Been is no critic of homeownership. She sees it as an important way for individuals to build wealth, and communities with roots. But she says homeownership doesn't work unless the homeowner knows what he's doing when he goes into the investment. "Truthfully, it needs to start in grade schools. We need to be taught financial literacy, and given some sense that homeownership is not for everyone."

Homeownership is not for everyone? Those are radical words in America. Nearly 70 percent of Americans own their homes. (That number has slipped in the last few years, as foreclosures rise. In 2005 homeownership had reached a historic high of 69.2 percent. By the end of 2008, it was down to 67.5 percent, according to census data.) Working for a place of your own seems to be part of our cultural DNA. Federal policy over the last two decades, in the hands of both Democratic and Republican leaders, has promoted homeownership as a fundamental good, using things like tax breaks and federal grants for first time buyers, and laws that forced mortgage lenders to relax the conditions on home loans for low-income people.

Renting can have its advantages, though. In a recent interview on American RadioWorks' sister program Marketplace, Edmund Phelps, a Nobel Prize-winning professor of economics at Columbia University, and life-long renter, counted the ways. "If you rent, that's it. You don't have to pay any interest to anybody," he argued. "You don't have to pay any maintenance costs to anybody. You don't have to worry about whether the boiler is going to break down. While if you own your own home, you have a hundred aggravations. Maybe the roof will leak while you're overseas. In strict money terms, there is no reason to think there is a systematic, long-run, sustainable, durable difference between the two."

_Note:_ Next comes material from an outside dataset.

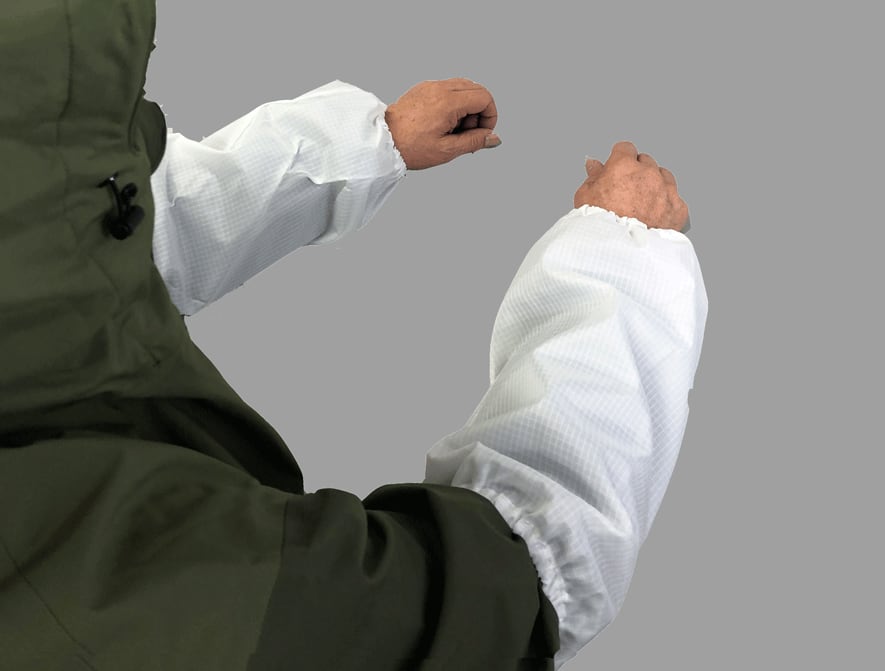 ナイロン素材の白色腕抜き。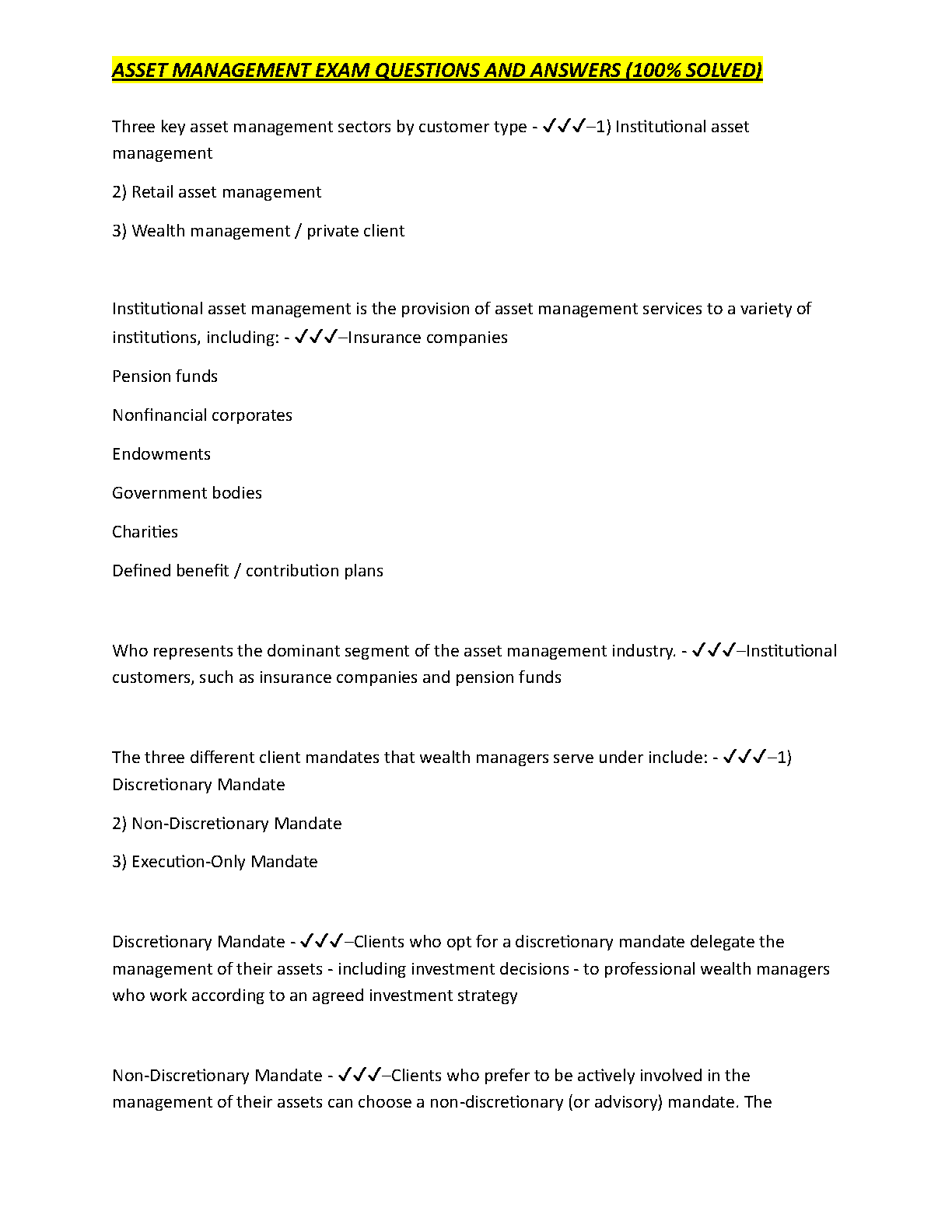 Ace your Asset Management exam on the first try with this comprehensive guide. This 2024/2025 edition provides 100% solved exam questions and answers, covering key topics like institutional, retail, and wealth management, and various client mandates. Perfect for students aiming to avoid resits.

But if the American dream, or at least a big part of it, doesn't involve buying a house, what's left? Plenty, I am reminded by a guy I met recently named Kianoush Akrami. He immigrated to the United States from Iran with his parents a year and a half ago. They are Bahai, a religious minority in Iran, and the theocracy there forbids the Bahai from going to university or taking government jobs.

Akrami says his family came to the United States for freedom - religious freedom, economic freedom - and opportunity. As soon as they moved to Las Vegas, they got jobs quickly. His mother and father were both tailors in Iran, and now they make uniforms for workers at Mandalay Bay casino and resort. Akrami just graduated from high school, and he is about to take a job at the same casino as a lifeguard at the hotel pool. He is hoping to save enough money to go to college.

So what does the American dream mean to Akrami? It's much more than buying a house and making money. For Akrami, it's about the ability to determine his own destiny. "That I can improve, and that there is nothing that I want to do that I can't," he says. "If I have a goal, and I am trying to reach my goal, and sacrificing for it, I will achieve it."

I should mention where I met Akrami though. He and his parents were at that homebuyer's class I attended. He tells me they once owned a home in Iran, but it was seized by the government. Since they moved to America, they've been renting an apartment, and they want to own their own home again someday. That's a part of their American dream too.